*** Opening of Input data ***
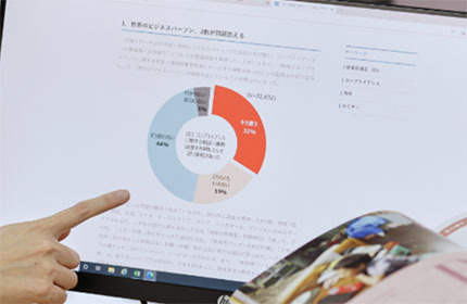 私たち日経リサーチは、日本経済新聞社グループの一員として、市場調査・世論調査などを手掛ける総合調査会社です。1970年の設立以来、50年以上にわたって信頼性の高いデータを提供してきました。国や地方公共団体からの依頼を受け、行政施策の資料となるデータの収集・分析にも携わります。国内だけでなく海外調査にも30年以上の実績を持ち、2017年にはタイに子会社を設立。世界をフィールドに事業展開を進めています。
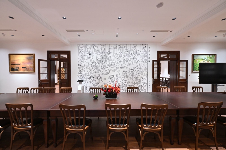 巴金图书馆图书阅览室墙上的鲁少飞《文坛茶话图》
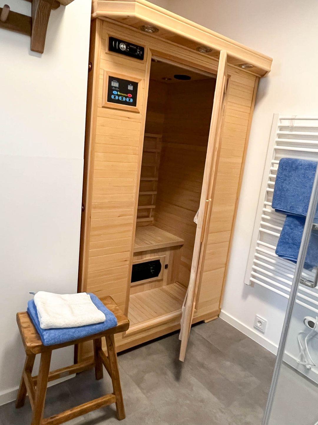 Im Erdgeschoss befindet sich ein großzügiges Bad mit ebenerdiger Dusche. Behagliche Wärme an kühlen Tagen gewährleistet eine moderne Zentralheizung, im Erdgeschoss mit Fußbodenheizung. Gemütliche Stunden und Entspannung bieten ein Kaminofen und eine Infrarot-Sauna.
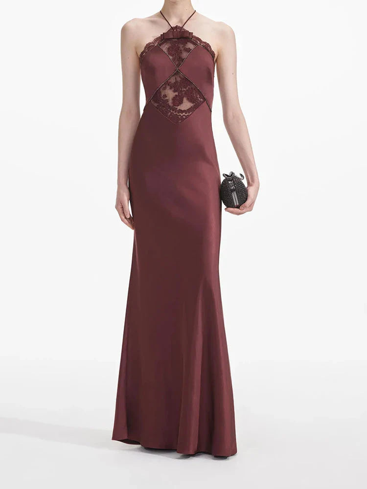 Halter Neck Bowknot Lace Patchwork Long Dress
*** Close of Input data ***
Task item: Copy out the lines exactly as written, beginning with the one that contains "Im Erdgeschoss befindet" and ending with the last line of the material; do not include pictures.

Response area:
 Im Erdgeschoss befindet sich ein großzügiges Bad mit ebenerdiger Dusche. Behagliche Wärme an kühlen Tagen gewährleistet eine moderne Zentralheizung, im Erdgeschoss mit Fußbodenheizung. Gemütliche Stunden und Entspannung bieten ein Kaminofen und eine Infrarot-Sauna.
 Halter Neck Bowknot Lace Patchwork Long Dress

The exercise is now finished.